It’s Time for Action on Airguns
by GCN on 18-08-2024
PRESS RELEASE 19 August 2024
It’s Time for Action on Airguns
The appalling incident in which six people, including five children, were shot with an air rifle in Sheffield on 14th August raises, yet again, the need to bring air weapons under more effective control. Three of the children required operations to remove air pellets and five teenagers were arrested by South Yorkshire Police following the incident.
The last Conservative Government undertook a consultation exercise on possible proposals to regulate air weapons and these gained a great deal of support from a wide range of civil society organisations, including animal charities such as the RSPB and RSPCA, which frequently report animal cruelty involving air weapon misuse. However, the Government, supported by shooting organisations, declined to take further action. A rising profile of air weapon offences makes a reconsideration of that decision imperative.
Air weapons account for approximately a third of all recorded gun crime offences, that is, in the region of 2,500 offences per year (ONS: HoC Library). This is generally thought to be a significant under-counting as many air weapon offences involving wild animals and domestic pets, as well as criminal damage, go unreported. A former Home Affairs Committee Report referred to the ‘casual cruelty’ of air weapon misuse.
Air weapons offences are most often recorded when the weapon is actually fired (around 80% of the time), rather than simply used to intimidate. It follows that air weapons are responsible for the greatest proportion of firearm-involved injuries. Many of these injuries may well be less serious than those resulting from other firearms but there have been over 35 fatalities (many of them children) resulting from air weapon misuse since 1990, roughly one fatality per year.

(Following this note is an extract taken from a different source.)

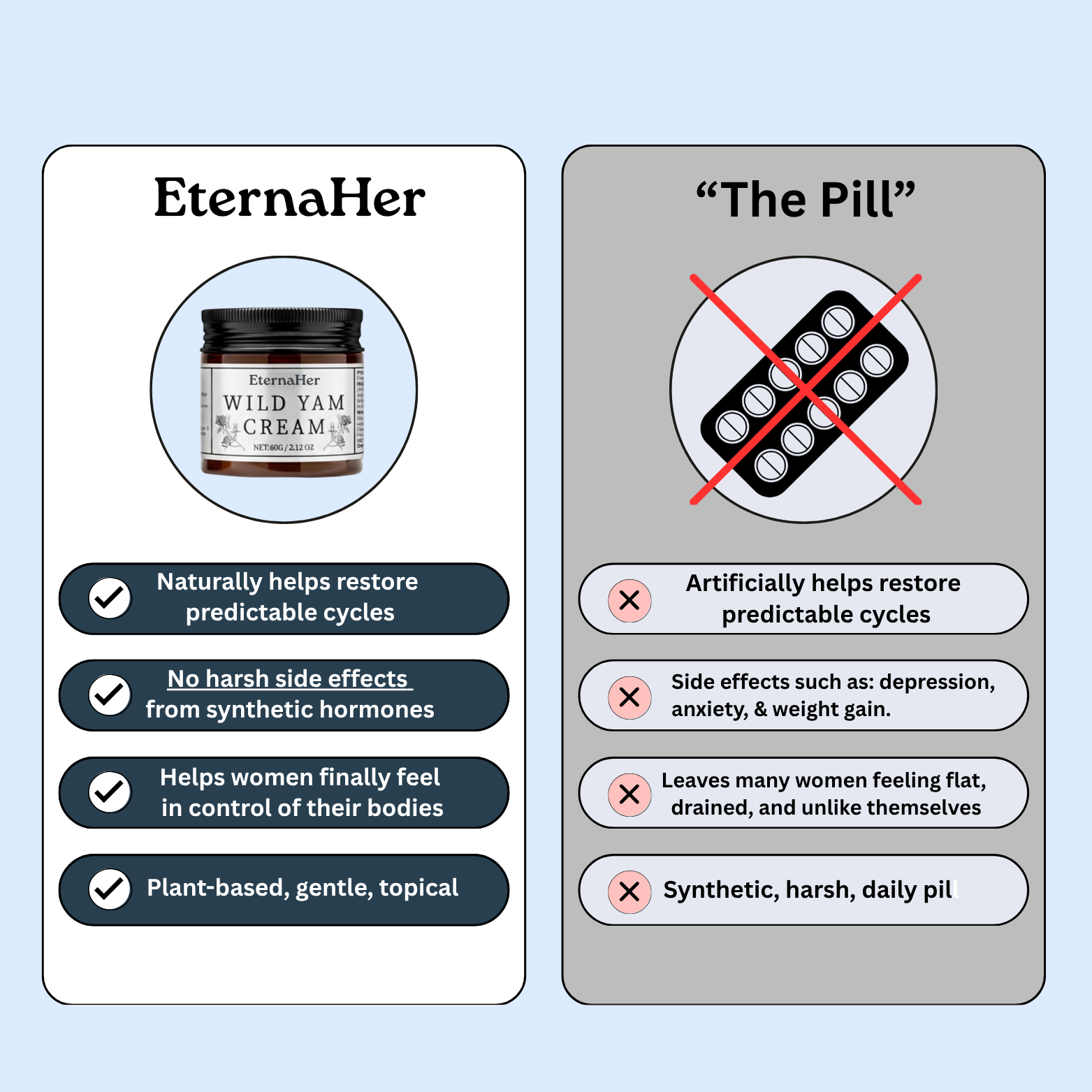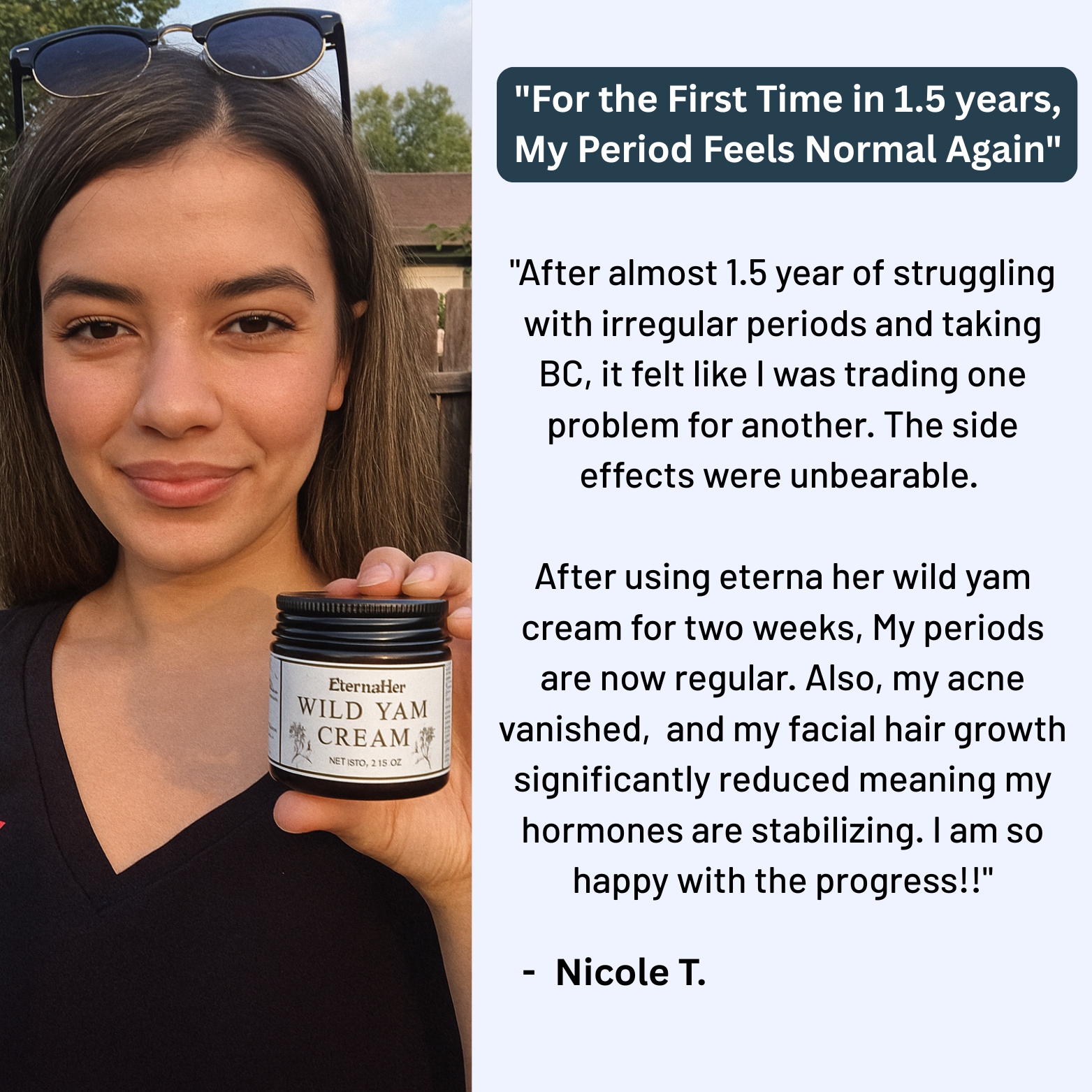 Wild Yam Cream offers a much gentler solution, helping women with PCOS restore predictable cycles naturally, without the harsh trade-offs of synthetic hormones.

Scotland introduced air weapon licensing in 2016 and by 2021-22, air weapon offending had fallen to around one third of that in the rest of Great Britain. Clearly, it is time for England and Wales to follow suit.
At a time when youth violence involving gangs, knives and firearms so frequently features in our news headlines, we need to take a much more serious view of air weapons. The harm caused by their misuse is consistently underestimated, trivialised or ignored. Yet in today’s complex mixed economy of illegal firearms, air weapons play a key role as ‘entry level’ weapons. The range and variety of air-powered weapons is far wider than it was in 1968 when our primary firearms legislation was passed (the 1968 Firearms Act). Air weapons now come in a variety of powers and some may be converted to increase their energy discharge or to fire live ammunition. All the available research tells us that, in a tight market, offenders access the weaponry they can, and, given their wider availability, air weapons are often the ‘go-to’ entry-level weapons of choice for the would-be violent.
As the Government considers the future of firearm licensing following recent tragedies, it is clearly time for air weapons to be brought within the firearm licensing system.